The analytics server 102 may transform the audio data into a different representation during pre-preprocessing. The analytics server 102 initially generates and represents the observed audio signal, frames, and sub-frames according to a time domain. The analytics server 102 transforms the sub-frames (initially in the time domain) to a frequency domain or spectrogram representation, representing the energy associated with the frequency components of the observed audio signal in each of the sub-frames, thereby generating a transformed representation. In some implementations, the analytics server 102 executes a Fast-Fourier Transform (FFT) operation on the sub-frames to transform the audio data in the time domain to the frequency domain. For each frame (or sub-frame), the analytics server 102 performs a simple scaling operation so that the frame occupies the range [−1, 1] of measurable energy.
In some implementations, the analytics server 102 may employ a scaling function to accentuate aspects of the speech spectrum (e.g., spectrogram representation). The speech spectrum, and in particular the voiced speech, will decay at higher frequencies. The scaling function beneficially accentuates the voiced speech. The analytics server 102 may perform an exponentiation operation on the array resulting from the FFT transformation. An example of the exponentiation operation performed on the array (Y) may be given by Ye=Yα, where α is the exponentiation parameter. The values of the exponentiation parameter may be any value greater than zero and less than or equal to one (e.g., α=0.3).

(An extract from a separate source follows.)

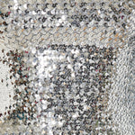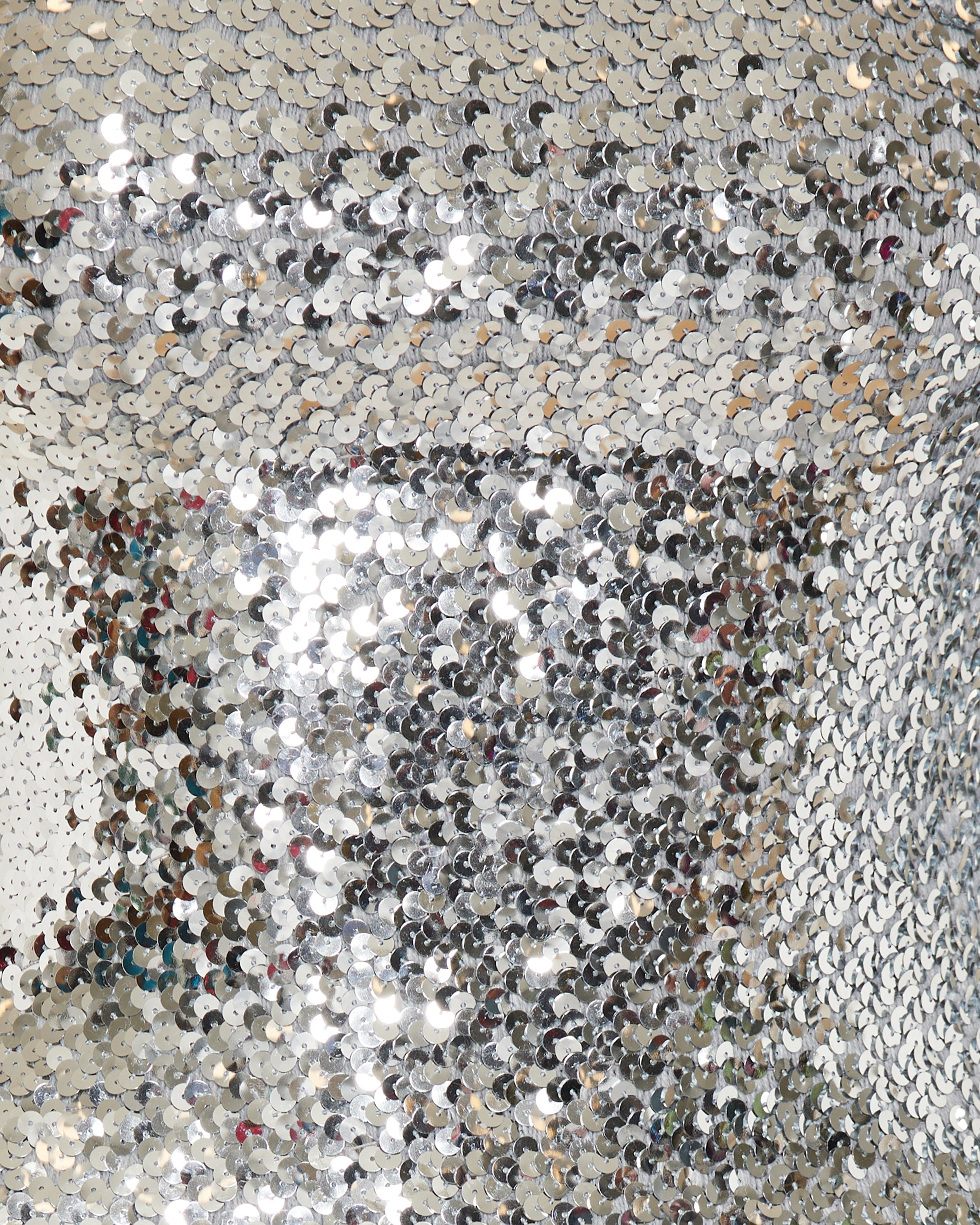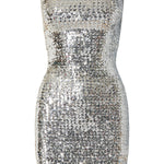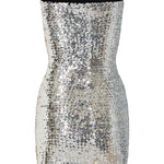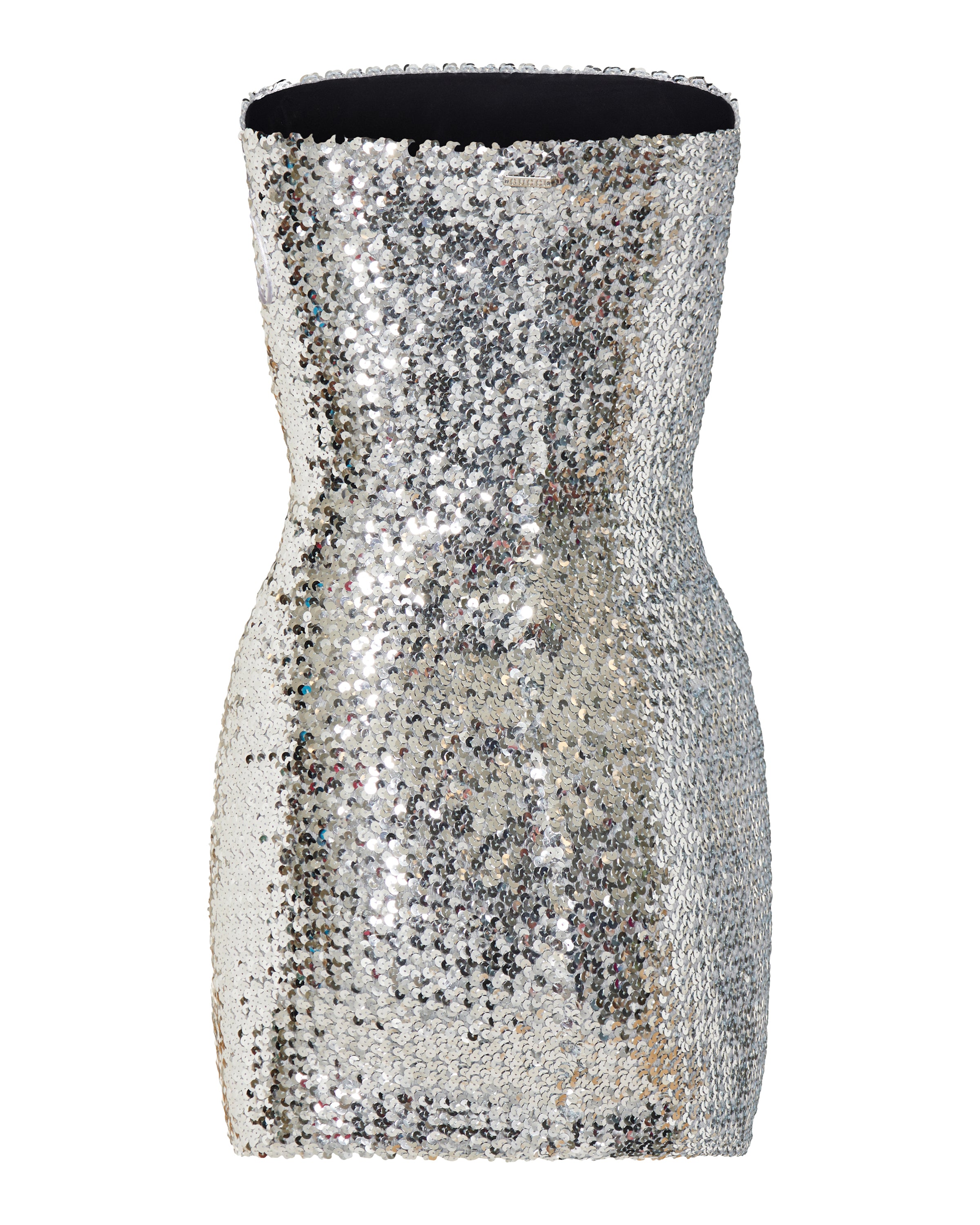 A strapless mini dress fully embellished with sequins, designed to reflect light with every movement.

In some instances, the audio includes synthetic speech including a watermark, the synthetic speech generated by the TTS system 120. The analytics system 101 can apply the keys used to generate the synthetic speech to the audio to detect the watermark and extract metadata from the watermark. Applying the keys to detect the watermark may include executing one of multiple watermarking processes (e.g., algorithm) for analyzing the audio and detecting synthetic speech. Applying the keys to detect the watermark may operate to quickly and efficiently detect synthetic speech generated by the TTS system 120 or any other TTS system in communication with the analytics system 101.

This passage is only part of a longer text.